Figure 1: Network heatmap plot representing the interaction relationship analysis of co-expression genes for HER2-negative breast cancer patients.

Gene co-expression network of breast cancer

Altogether 5,571 most variant genes were selected according to MAD in order to perform additional analysis. The connectivity among genes was a scale-free network distribution if the value of soft thresholding power β equals to 5 (Fig. S1). Altogether 10 modules were filtered via hierarchical clustering as well as Dynamic branch Cutting. The module was given an individual color as identifiers. Interaction relationship analysis of co-expression genes was shown in Fig. 1. Gene numbers within modules ranged from 35 to 724. If the gene set belong to no module, this was the grey module. Threshold selection of WGCNA analysis was shown in Fig. S1.

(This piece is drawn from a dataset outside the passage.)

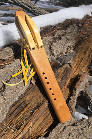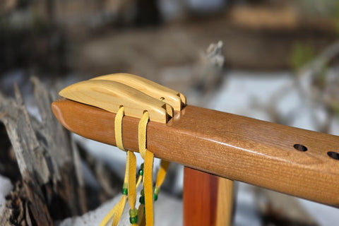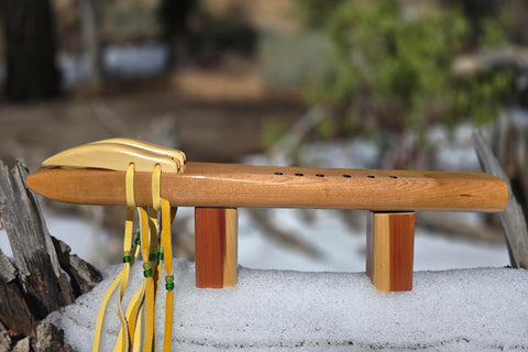 Featured is a hand crafted Native American Style, 6-hole, Drone flute in the key of high G by Dave McGiffin. The flute is made from Cherry. The birds are crafted from Alaskan Yellow Cedar and attached with gold colored deer hide, glass and/or metal beads. The bore is 7/8” the overall length is 20-1/4”.  The flute has been dipped in tung oil to help protect from moisture on the inside and several coats have been applied on the outside as well. This flute has a very clear and beautiful sound.

Module–clinical trait correlations and preservation

Identification of clinical trait related genes is of great interest to elucidate the underlying mechanisms behind the clinical trait. In our study, the clinical parameters of breast cancer patients, including sensitivity, grade, stage and pam50 classifiers were involved in MTR analysis. As was suggested in Fig. 2, sensitivity, grade and pam50 were associated with blue module (r = 0.27, P = 2e−; r =  − 0.49, P = 6E − 20; and r =  − 0.76, P = 1E-59). Stage was associated with red module (r =  − 0.15, P = 0.008). Then we performed module preservation analysis in validating set. As was shown in Fig. 3, all of the modules’ zsummery statistics were greater than 10. Finally, significant relation of module blue MEs (HR = 0.213, 95% CI = 0.131–0.347, P = 4.80E−09) (Table 2 and Fig. 4A) with DRFS was identified. As the module blue was also associated with sensitivity, grade, stage and pam50, we selected module blue as the hub module.

Enrichment analysis of the blue module

GO and KEGG enrichment analysis were conducted on the genes in blue module. Altogether 163 terms showed differences in GO enrichment (Table 3). As was illustrated in Fig. 5, this module was related with regulation of hormone levels, reproductive system development, response to estradiol, cell growth and mammary gland development according to GO analysis. As for KEGG analysis, 51 pathways were associated with blue module including Estrogen signaling pathway, Apelin signaling pathway, cAMP signaling pathway, PPAR signaling pathway and fatty acid metabolism. The protein–protein interaction network of genes in blue module was shown in Fig. S2.

The module–clinical trait relationships of genes involved in clinicopathological parameters (sensitivity, grade, stage and pam50) of HER2-negative breast cancer patients.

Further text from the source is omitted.